The config you showed looks good, it will give you the automatic failover. However, note that this is limited because, for example, say your ISP1 goes down. Your config will get you over to the 2nd ISP2 automatically. So far so good, but once the ISP1 comes back up, all your traffic will be redirected back to the default route (your ISP1). This will give your users some hiccups.

I have environments where the users understood that ISP1 went down and the automatic faiover gave them a hiccup when it failed over to the ISP2. However, they flipped when they noticed they had a hiccup again when ISP1 returned and your config re-routed all traffic back to it. So that is 2 hiccups, which means any established connections they users had, they broke.

This is because you often get Cable lines to go down for a few minutes and then they come right backup. And to make matters worst, there are those situations where your Cable ISP goes down and up, then 1 minute later does the same thing, so you have flapping. When this occurs, all established connections will go down and up again. This will kill your redundancy plan and the config you have will not work.

But you need to overcome your NAT statements issues first.... so again, what kind of NAT statements are you talking about?

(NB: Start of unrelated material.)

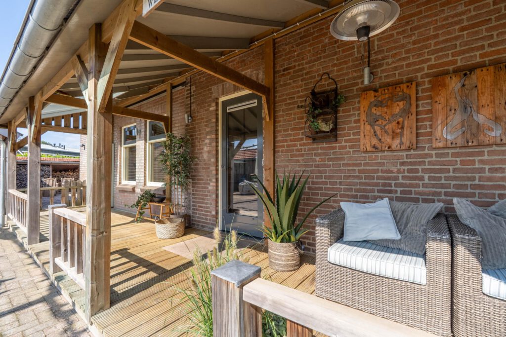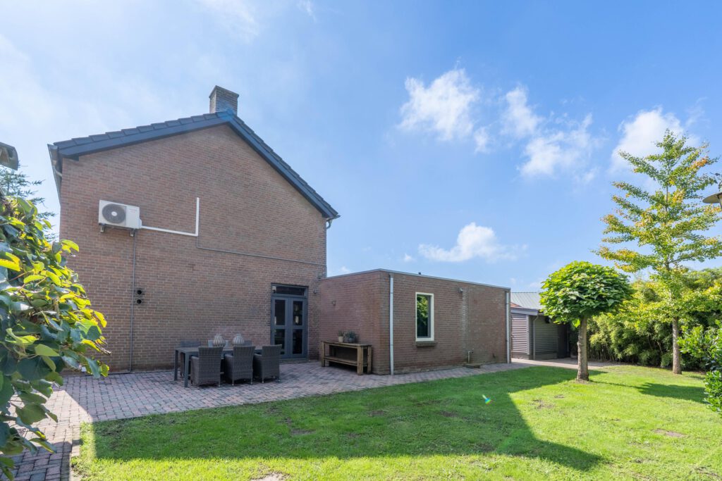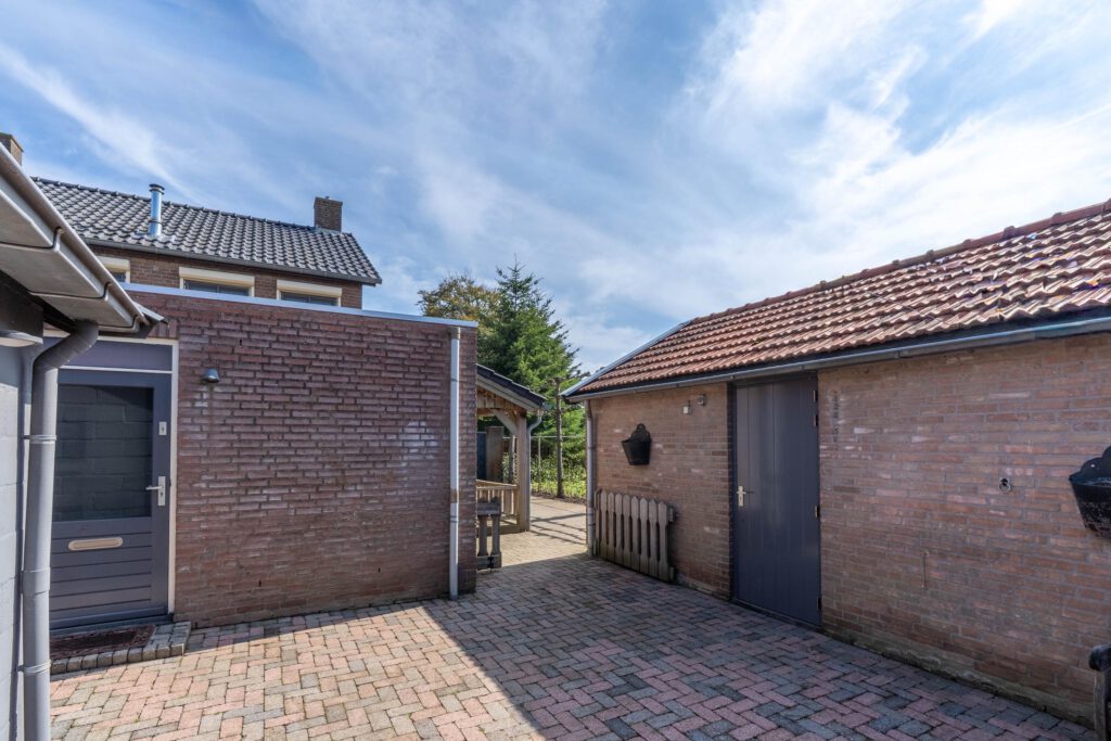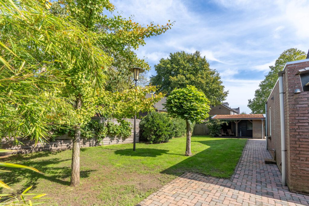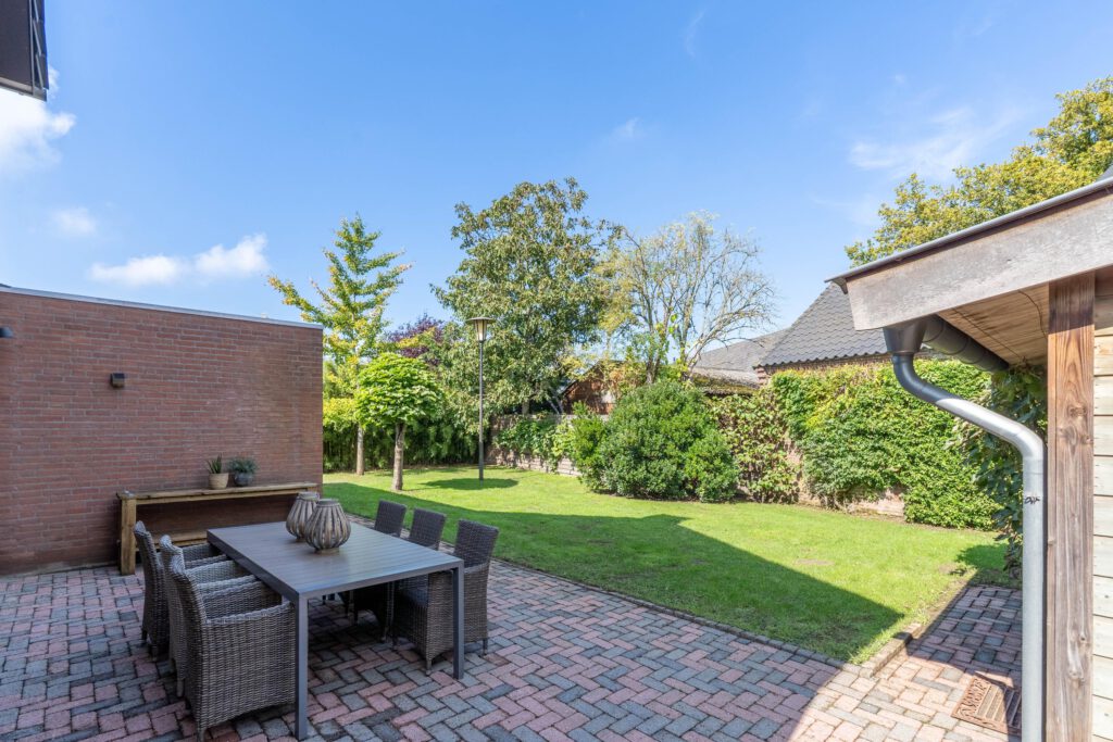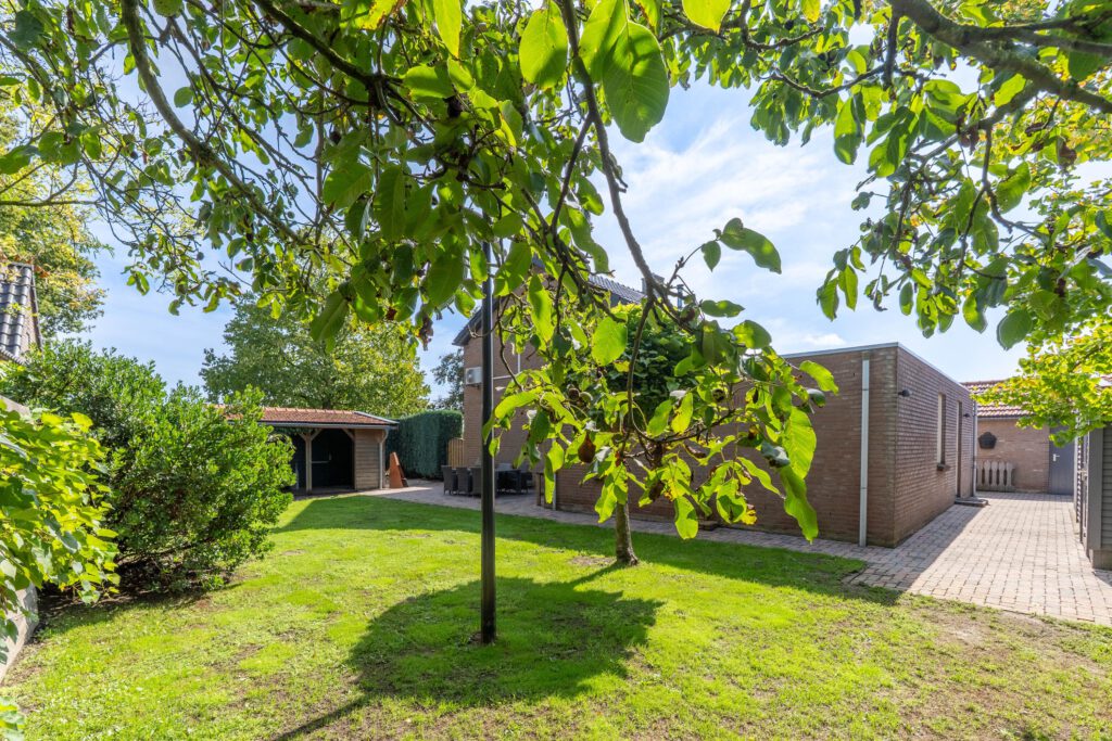 Via een dubbele poort aan de linkerzijde van de woning betreed je de ruime tuin. Aan deze zijde bevindt zich ook een grote overkapping, waar je heerlijk overdekt kunt genieten van het buitenleven. Er is voldoende ruimte om de auto achter de poort te parkeren of deze in de garage te zetten. De garage is ruim opgezet en biedt volop mogelijkheden voor opslag of het uitoefenen van hobby’s. Daarnaast zijn er nog meerdere bergingen aanwezig, waardoor het aan opbergruimte zeker niet ontbreekt. In de tuin vind je bovendien verschillende zitplekken, een groen gedeelte en een tuinhuisje met berging en overkapping. Tijdens een bezichtiging ontdek je pas echt hoeveel ruimte deze woning en tuin te bieden hebben.

One-to-One NAT?

jasonww04 Tue, 08/25/2009 - 09:01

This is the current NAT statement I'm using. We have a VPN that only select traffic needs to go through.

ip nat inside source route-map NAT interface Ethernet1 overload

!

!

ip access-list extended NAT

deny ip 172.18.2.0 0.0.0.255 10.11.0.0 0.0.255.255

permit ip 172.18.2.0 0.0.0.255 any

route-map NAT permit 10

match ip address NAT

insccisco Tue, 08/25/2009 - 09:11

That shouldn't be a problem. I am by no means a Cisco solid guy, I'm still a novice, but again, I have worked a lot on the same problem you are facing....

Let me know your exact end result. So far I know that you want to introduce ISP2 because you are assuming that ISP1 might go down and when this happens, you will still want your internet traffic to be up by being re-routed to the 2nd ISP.

Let me know so I can continue to get you more of my 2-cents!

I assume you have a tunnel (remote access or L2L??) that you will still want UP when you failover, right?

jasonww04 Tue, 08/25/2009 - 09:25

There is a site-to-site VPN tunnel currently in use but I'm not so sure I care to have it switch over during down time.